[55] Cornelia, the "mother of the Gracchi", was the elder daughter of Scipio Africanus the Elder. The young Scipio of my story, who is, I may say, an imaginary character, but is supposed to belong to a younger generation than Scipio Africanus the Younger, the conqueror of Carthage, would therefore be her great-nephew. Scipio himself was her nephew by adoption (being the adopted son of her brother), and her first cousin by blood. (He was a son of Æmilius Paullus, and she was the daughter of Æmilius Paullus's sister.) He was also her son-in-law. Her elder son Tiberius was born in 163 B.C., and was therefore seventeen at this time; the younger, Caius, was about nine.
[56] About 10.30 p.m.
[57] Ἔσσεται ἦμαρ ὅτ' ἄν ποτ' ὀλώλῃ Ἴλιος ἱρή.
[58] Still called by the same name, at the south-east extremity of the Morea.
[59] The inhabitants of Delos were sent away from their island by the Roman government in 167 B.C. The Athenians had done exactly the same thing in 422 B.C., but the oracle of Delphi had warned them that they must be brought back, and this was accordingly done some time afterwards.

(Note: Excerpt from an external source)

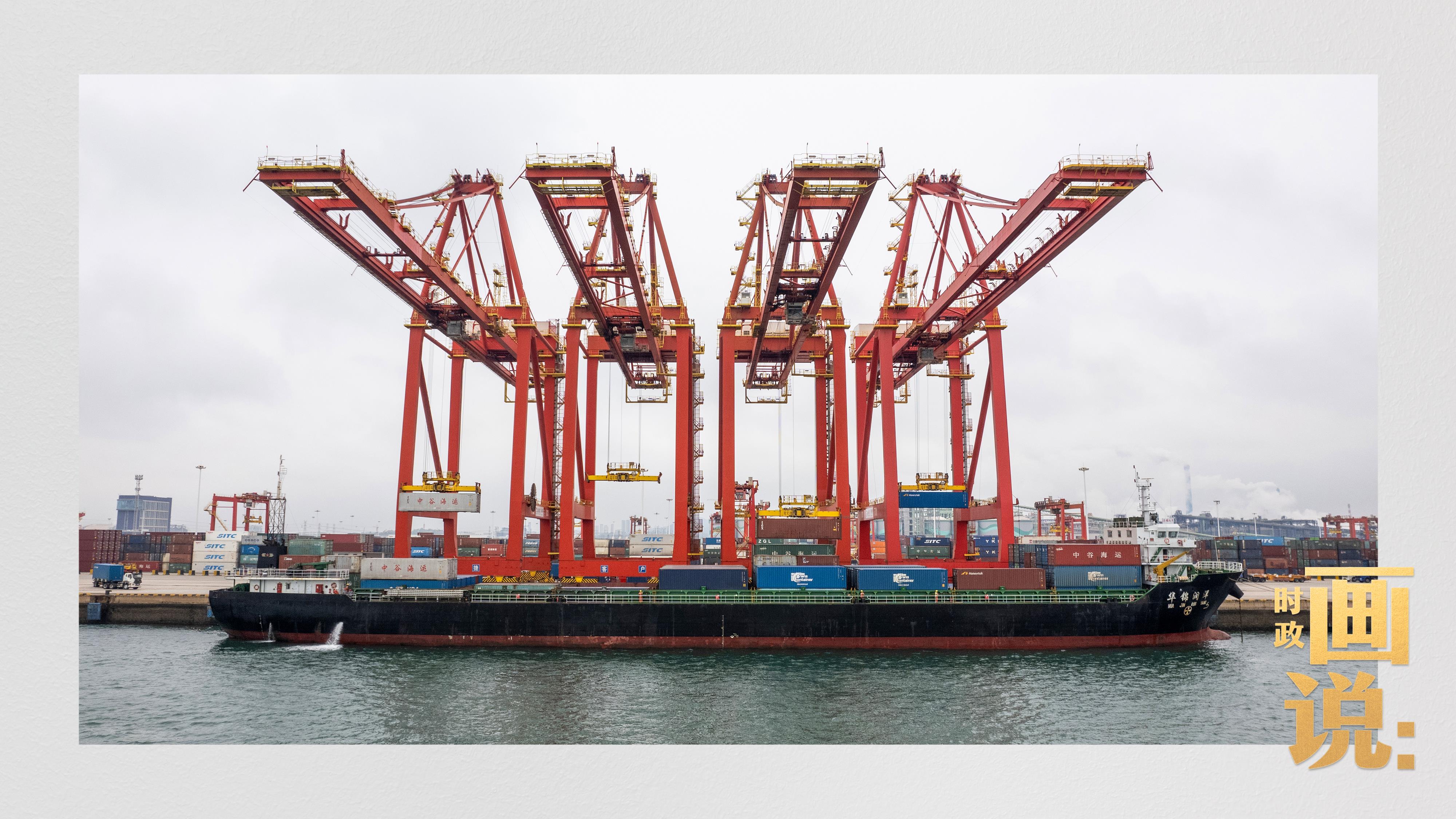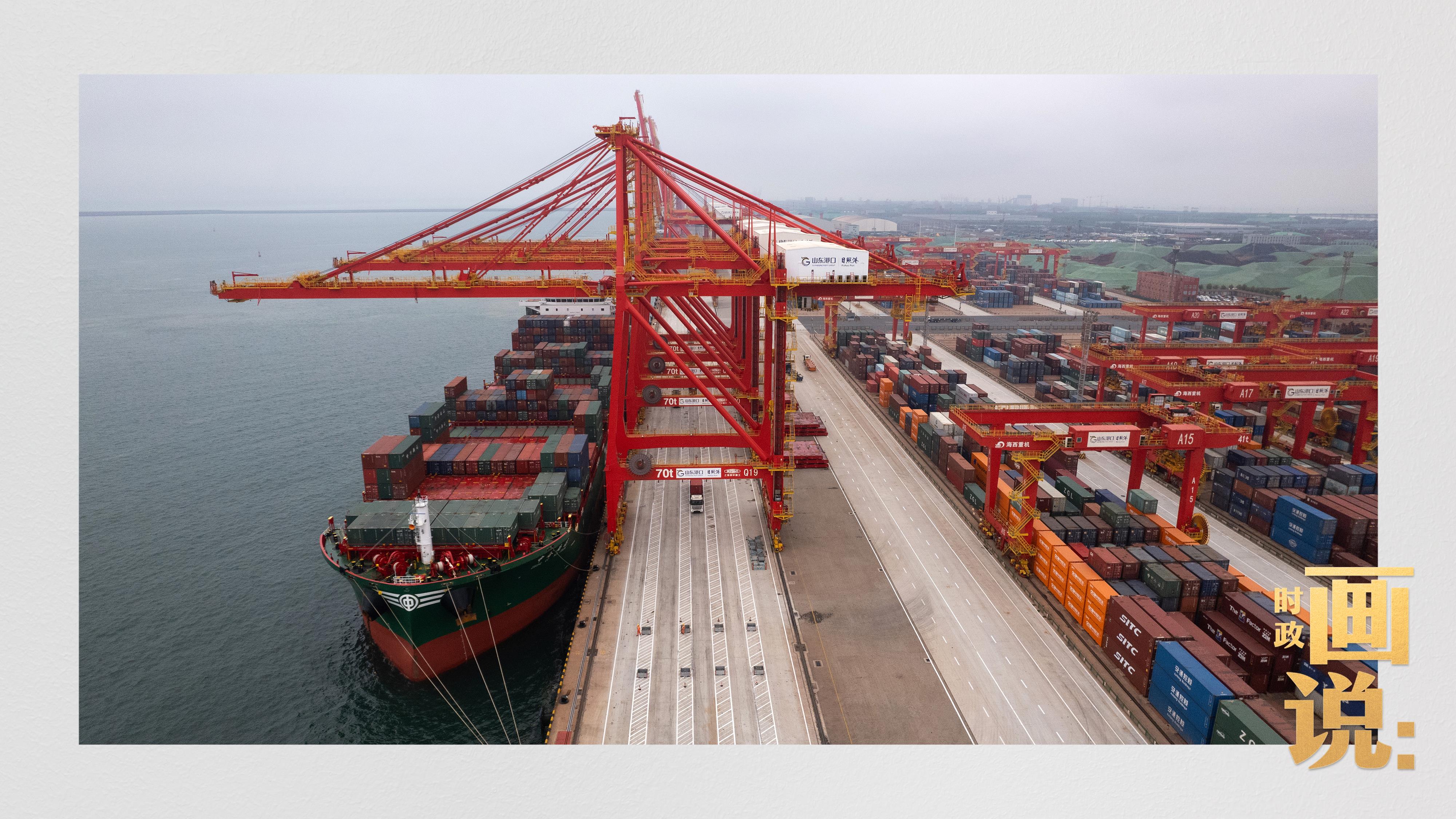 △山東港口集團(tuán)日照港石臼港區(qū)的全自動(dòng)化碼頭正在作業(yè)。近年來,日照港大力推動(dòng)港口智慧化、綠色化發(fā)展,建成全球首個(gè)順岸開放式全自動(dòng)化集裝箱碼頭。

[60] In 404 B.C., when the Spartans and their allies had captured Athens, Corinth voted for the total destruction of the city.
[61] The Achæan League.
[62] It was the favourite plan of the Peloponnesian states in the Persian war to fortify the Isthmus and leave all Northern Greece at the mercy of the Persians; but this plan was abandoned owing to the declaration of the Athenians that, if it was persisted in, they would make terms with the Persians. A wall, of course, would have been useless, if the fleet of the enemy were free to land an army wherever it pleased. The work, however, was begun, though never completed.
[63] A novus homo was one who could not reckon among his ancestors anyone who had risen to the rank of consul or prætor.
[64] Five thousand sesterces would be £40, 7s. 1d., and the total price paid would be a little over £4000; the property qualification of a knight was £3600.